Clinton's upcoming visit to China, the Chinese satellite issue and Indonesia are serious distractions for the US Government while Republican Congress members block immediate ratification of the CTBT by US and chastise Clinton administration for US satellites being in a blind spot orbit as India prepared for nuclear tests.
In such a scenario Foreign Minister Gohar Ayub is unlikely to land the task of verifying whether security guarantees from the US are 'physical' or 'on paper'. Even if such a scenario was to be envisioned it would not leave Gohar Ayub merely discerning the credibility of American guarantees, but, also executing US non proliferation demands— possibly without the choice of selecting treaties from the whole spectrum of the non proliferation regime.
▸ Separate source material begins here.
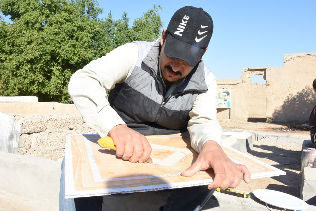 وأوضح أن "الاعمال تشمل تغليف الارضية بمادة (الگرانيت) ومادة (البورسلين)، إضافة إلى تغليف السقف بالديكور الحديث (السقوف الثانوية) مع تزين الجدران".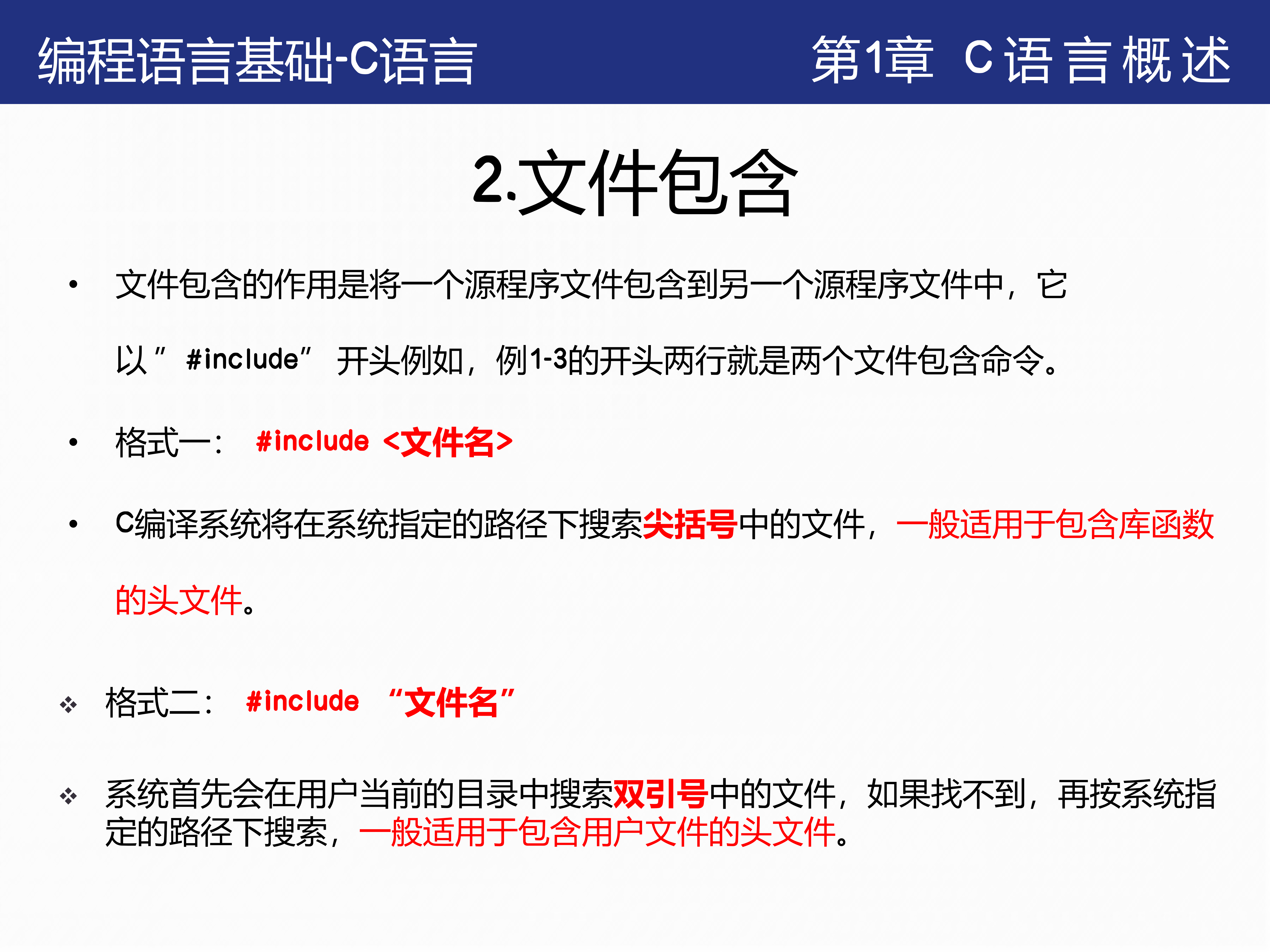 2. 掌握文件包含的作用与格式:熟悉#include的两种格式及其使用场景。

Insurmountable constraints exist for the US to table a suggestion that answers Pakistani security concerns vis a vis India. Ironically enough, the White House might have to only deal with the Indian question.
Former South Asia bureau chief of The Washington Post, Selig Harrison, has suggested to the US that until an accommodation is reached with India, no agreement with Pakistan is possible. Islamabad may translate this as: once India signs the CTBT, it would be easy to coerce Pakistan into following suit.
Unless Islamabad has come to a silent resolve to conduct its nuclear test "at a time of its own choosing" (as its former Army Chief Aslam Beg suggests) it should speed up the process of formulating a plausible picture of its requirements from the US.
Even though President Clinton claims to be "working hard on this", Pakistan's expectations may be a far cry from what his hard work is likely to yield.